The World Food Forum runs from October 13 to 17, 2025, bringing together global leaders, policymakers, and innovators to tackle the global food system’s biggest challenges, and I am excited to be one of this year’s World Food Forum Youth Representatives. The World Food Forum Youth Representatives Programme facilitates inclusive and meaningful representation of youth in global agrifood governance and establishes structures that enable youth participation in policy decision-making spaces in the agrifood sector.

So far, I have attended an onboarding call in which we discussed the roadmaps for each of the thematic areas that contribute to transforming agrifood systems that the Youth Representatives will tackle throughout their term. These thematic areas are biodiversity, bioeconomy, climate change, desertification, forestry, livestock, nutrition, fisheries and aquaculture, young women’s empowerment, and water management. I also participated in an educational Youth Assembly session on agrifood systems within National Biodiversity Strategies and Action Plans (NBSAPs) that showed the programme’s emphasis on informed participation. This week, I am joining the World Food Forum, which is also commemorating 80 years since the Food and Agriculture Organization was established, virtually. The theme “Hand in Hand for Better Foods and a Better Future” further reflects the Youth Representatives Programme’s commitment to encouraging influential global youth participation in sustainable, equitable, resilient, and nourishing models for all.

I have been in enough rooms this year to know that youth participation has become more than a numbers game. Counting the number of young people at the table is no longer enough of an indicator of representation. Initiatives like the World Food Forum are answering the truly difficult questions about what the youth are asking for and how those requests can be transformed into policies and programmes that serve the next generation’s needs.

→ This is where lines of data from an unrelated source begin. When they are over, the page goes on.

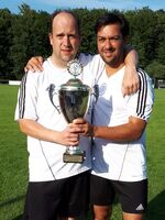 Die Six Pack Boys haben nun nach 2009 und 2015 den 3. Pokalsieg errungen. Deren Mannschaftsführer Marco Ritt und Marco Schwarz (siehe Bild rechts) waren überglücklich beim wohl härtesten Hobby Fussball Turnier erneut den Pokal gewonnen zu haben.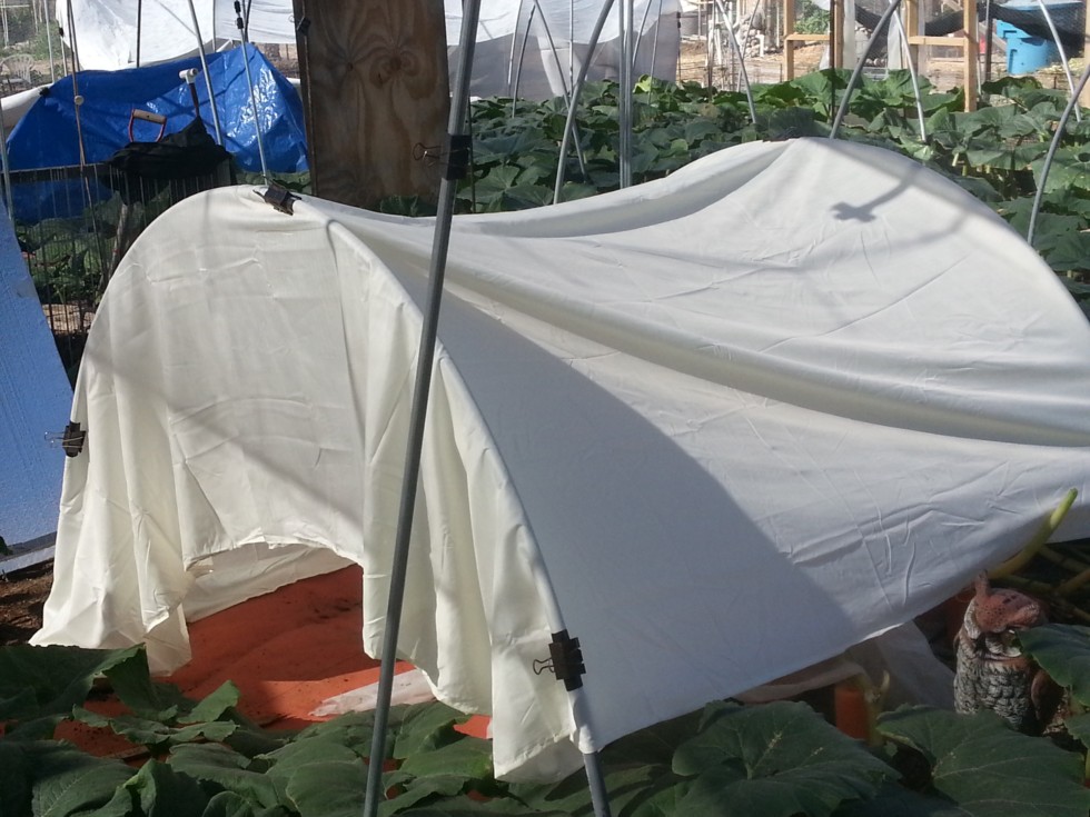 Ok, Sorry Team Pumpkin SW Division has been in sleeper mode. Here is the 923 Gerhardts new digs, the foamboard roof has been rising so it was time for a new cover. We have been struggling to get decent weight gains, and I've been embarrassed to post lame picture gains. As of this week the patch has been changed from full coverage of 70% shade to 30% shade on east half and 70% shade on west half. I think we were too aggressive with shade...live and learn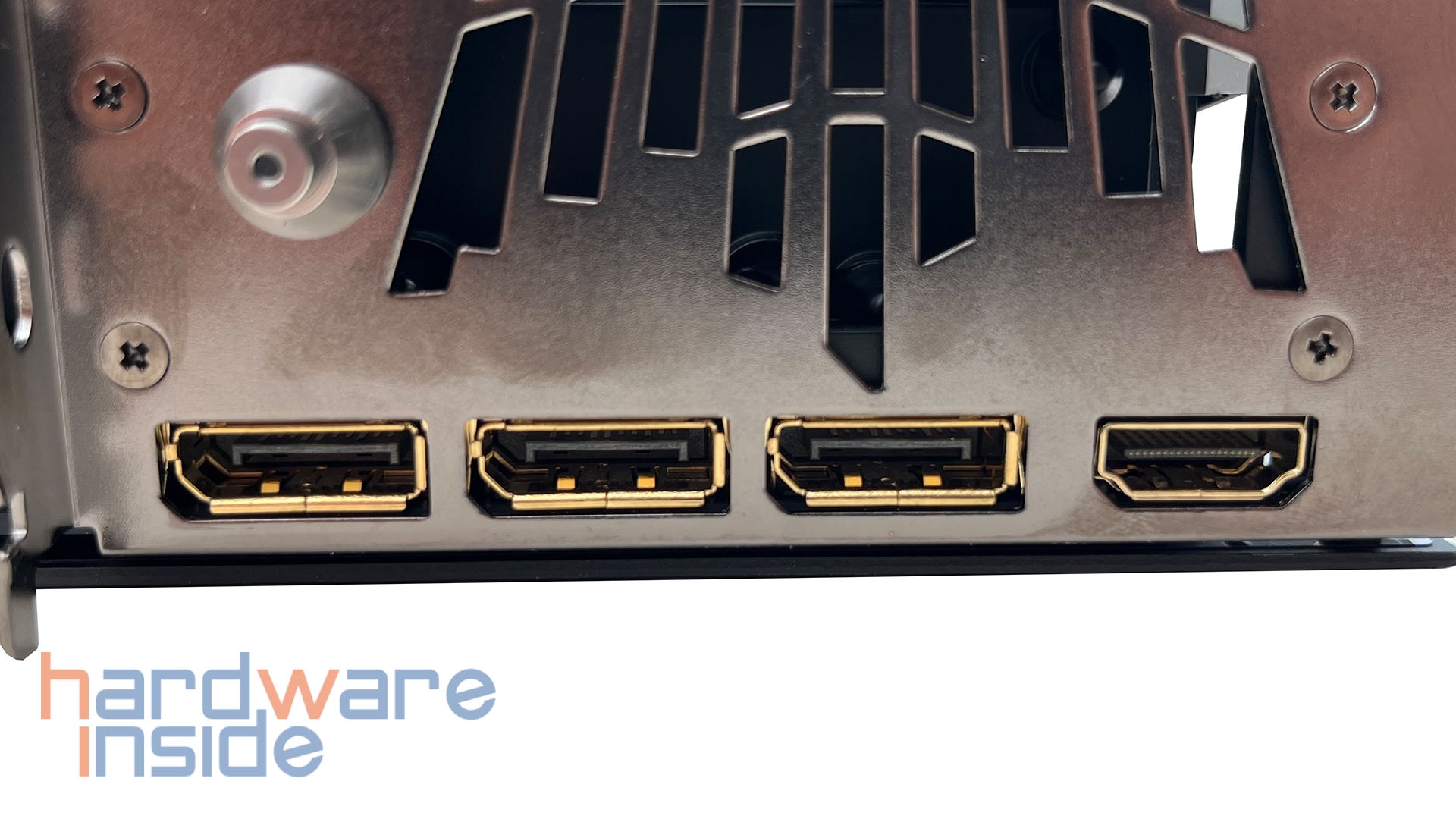 Auf der Slotblende der KFA2 GeForce RTX 5070 Ti Hall of Fame Black Edition zeigt sich, dass KFA2 die Karte konsequent für moderne Displays und High-End-Setups ausgelegt hat. Insgesamt stehen vier Ausgänge zur Verfügung: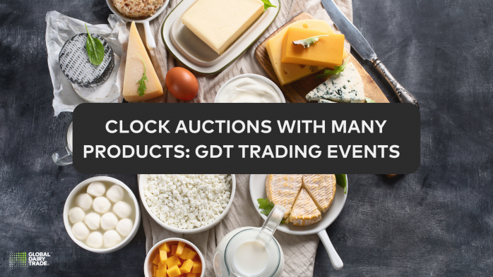 While the basic mechanics of GDT Trading Events can be understood using a simple, single product clock auction as in our previous article, in Trading Events run by GDT, sellers typically offer more than 100 distinct products. While this does not fundamentally alter how the auction operates, it introduces complexities that are essential for participants to understand to be able to navigate a Trading Event successfully.
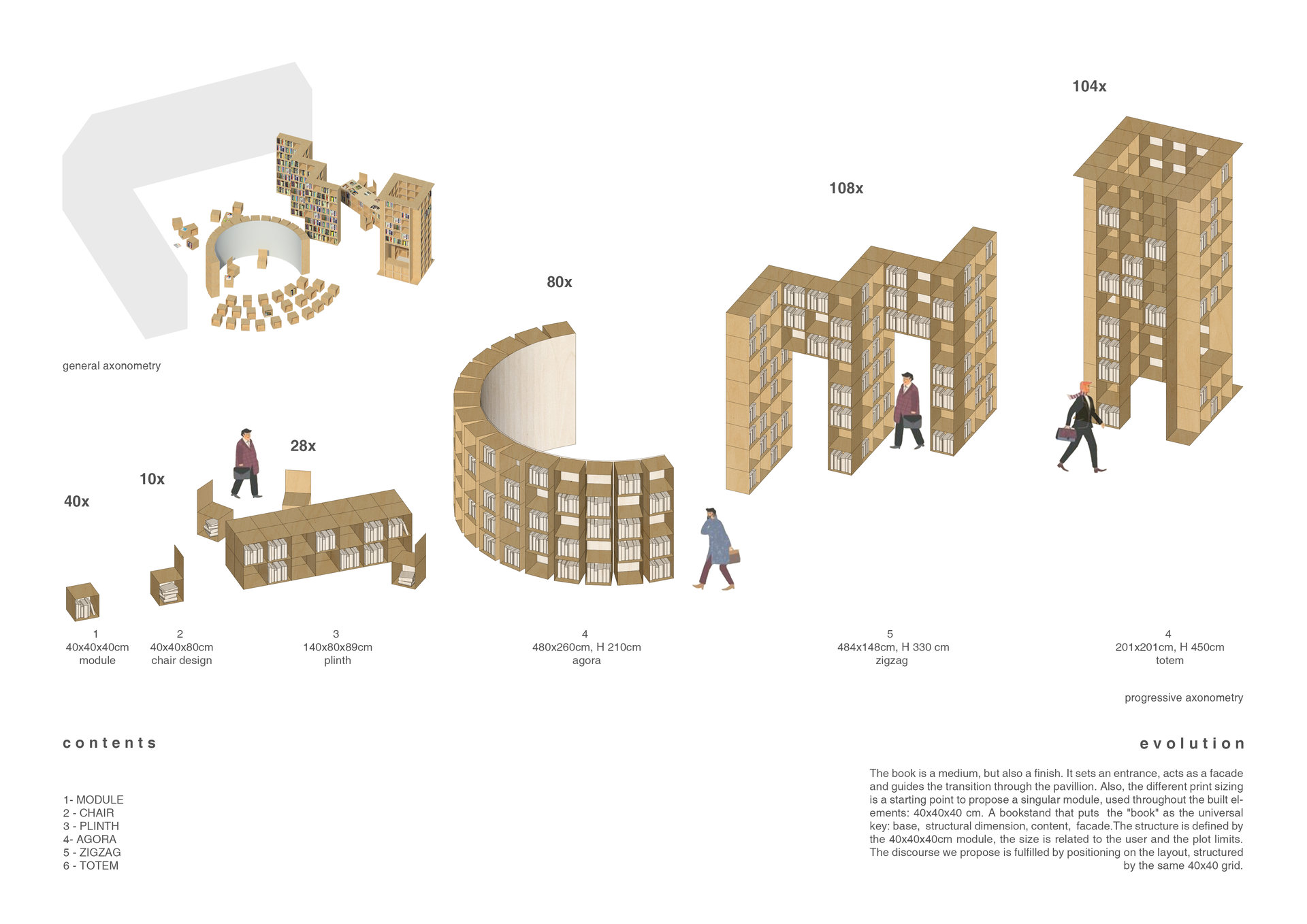 3. Key element: The book is a medium, but also a finish. It sets an entrance, acts as a facade and guides the transition through the pavillion. Also, the different print sizing is a starting point to propose a singular module, used throughout the built elements: 40x40x40 cm. A bookstand that puts the "book" as the universal key: base, structural dimension, content, facade.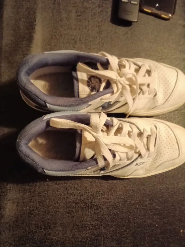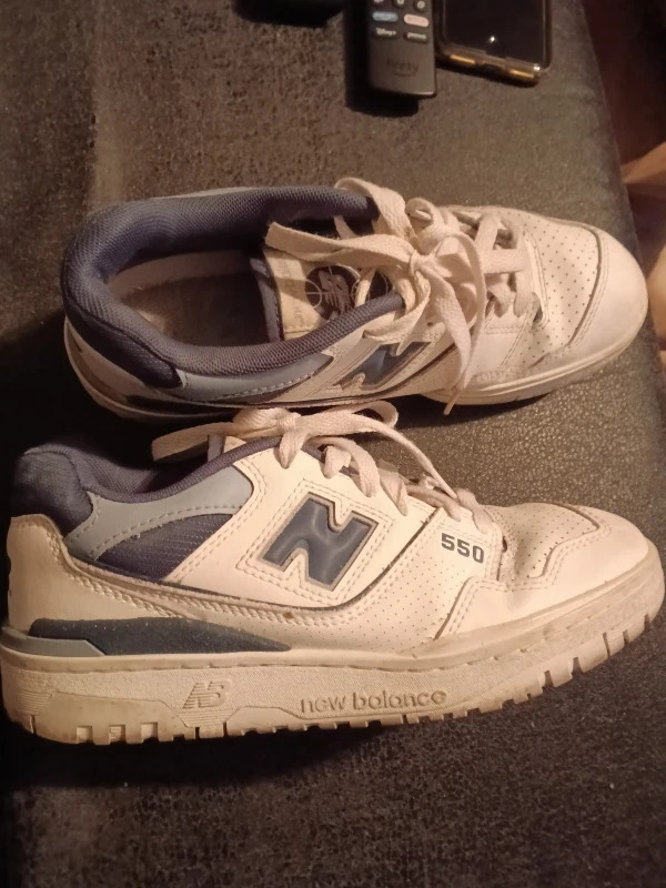Selling a pair of New Balance 550 sneakers in white and blue. These shoes have the iconic 'N' logo and a classic design. They show some signs of wear but are still in good condition for casual wear. They're perfect for adding a retro touch to your everyday style!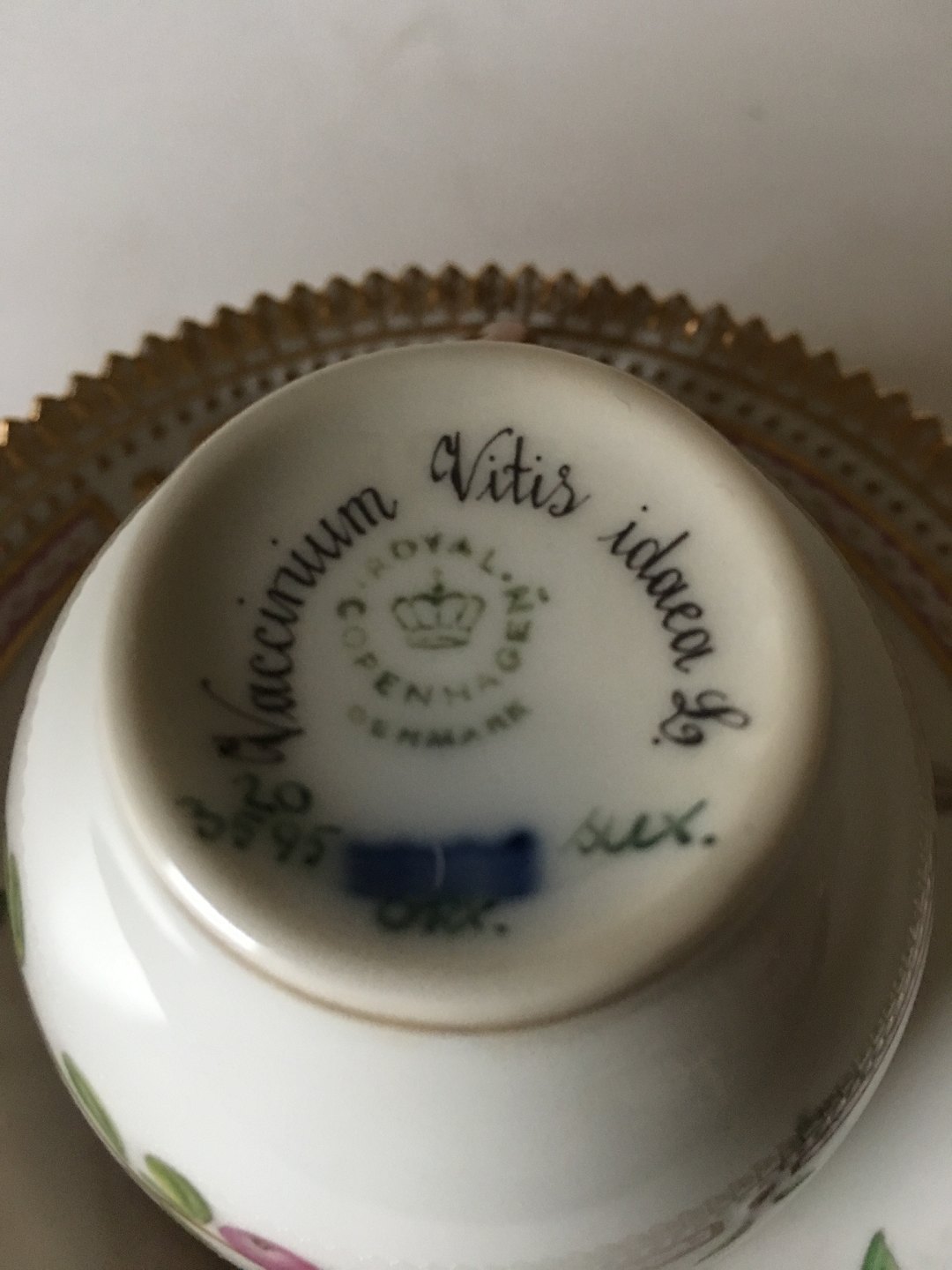 Royal Copenhagen Flora Danica Coffee Cup and Saucer No 20/3595. Latin Name: Vaccinium Vitis Idaea. 2nd Quality. In perfect whole condition. 7 x 7 cm (2 3/4")

I will end this post with a quote from the World Food Forum 2025 Grand Opening -“And this brings me to the most important part: our youth. Today’s young people are not like before. They are the most powerful generation in human history. They are connected. They are creative. They have technology in their hands that was unthinkable a few years back. Let’s not tell them to wait for jobs. Let’s empower them to create jobs. Let’s tell them you are not job seekers, you are job creators. Let’s give them access to capital by creating investment funds, social business funds. Let’s help create innovation hubs. Let’s help create agri-technology, circular food systems, climate-smart enterprises. [They] all can be led by the youth. If we invest in the youth, we will not only feed the world, we will change the world.” – Professor Muhammad Yunus, Chief Adviser of Bangladesh, World Food Forum 2025.